Oil through the eyes of a data analyst

Oil through the eyes of a data analyst

Do you love working with data as much as I do? Do you also suffer from imperfect data analysis tools? And so, literally in the first lines, I understand that I have to be very careful not to hurt the feelings of, for example, fans of Excel or Notepad++. I will try to correct the situation: Excel is great! The best low-code system! Notepad++ is incomparable… but try working with these tools on one million lines of data… eh, I couldn’t resist. And while the article promises to be provocative, I will add to the fire: I want to demonstrate how to process and analyze data for all depersonalized oil deals. With an analyst’s view, I will show how big capital controls the market. And yes, I want this opportunity to be available not only to corporations with their resources, but also to the average user with a laptop.
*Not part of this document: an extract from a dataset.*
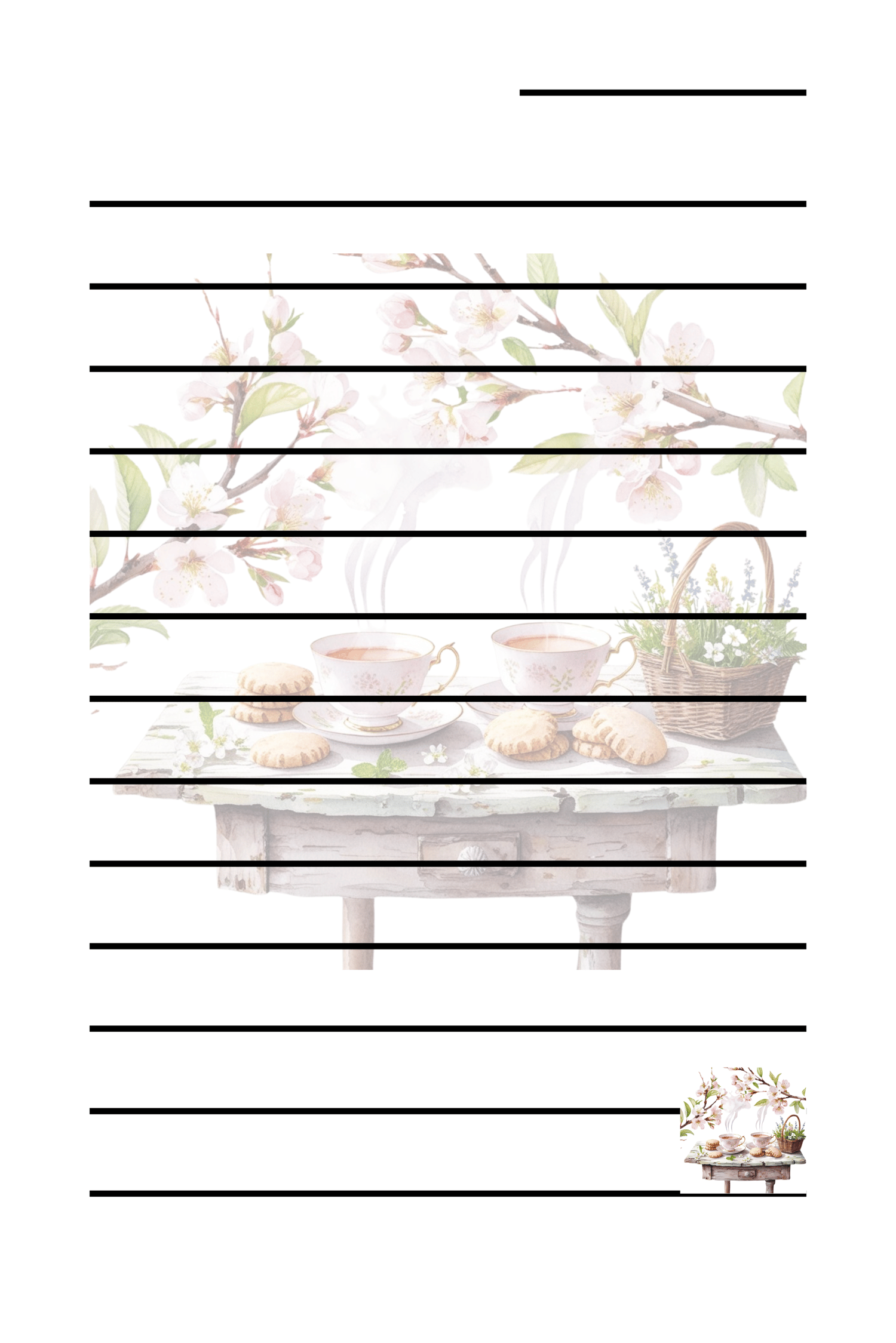 Pour a cup of calm with our Tea Time in Bloom Notepad — a charming addition to your daily writing, planning, or journaling rituals. This lovely 6" x 9" notepad features a soft watercolor scene of a spring tea set resting on a vintage table, surrounded by delicate cherry blossoms and cozy pastries.
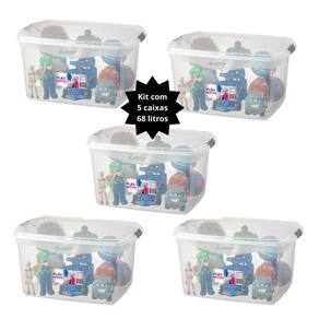 Kit 5 Caixas Organizadora Multiuso 68 Litros Sanremo

The text of the article is not an investment recommendation, all coincidences are accidental.

A brief introduction.

The writing of the article, as well as the collection of data, were carried out in the first half of January 2024. Therefore, the subject of analysis was depersonalized agreements regarding the settlement of oil futures (BRG4) in the period starting from the beginning of the evening session on January 12, 2024 and ending with the end of the daytime session on January 17, 2024.

Content

1) Method of obtaining and preparing data

2) Data storage and loading

3) Data analysis

Method of obtaining data.

I will describe how to do it for free, but you must have an active Quik trading terminal. Yes, there is a service of the Moscow Exchange, which shares data very sparingly. Yes, I liked the idea

tinkoff

give everything through an API mesh (love Swagger). But I repeat, it is difficult for an ordinary user. We open the Quik terminal, preferably closer to the end of the day session (18-45 Moscow time). The time was chosen randomly, because through the terminal you have the opportunity to get data for just one day (to be more precise for the evening session of the previous day and for the daytime current session).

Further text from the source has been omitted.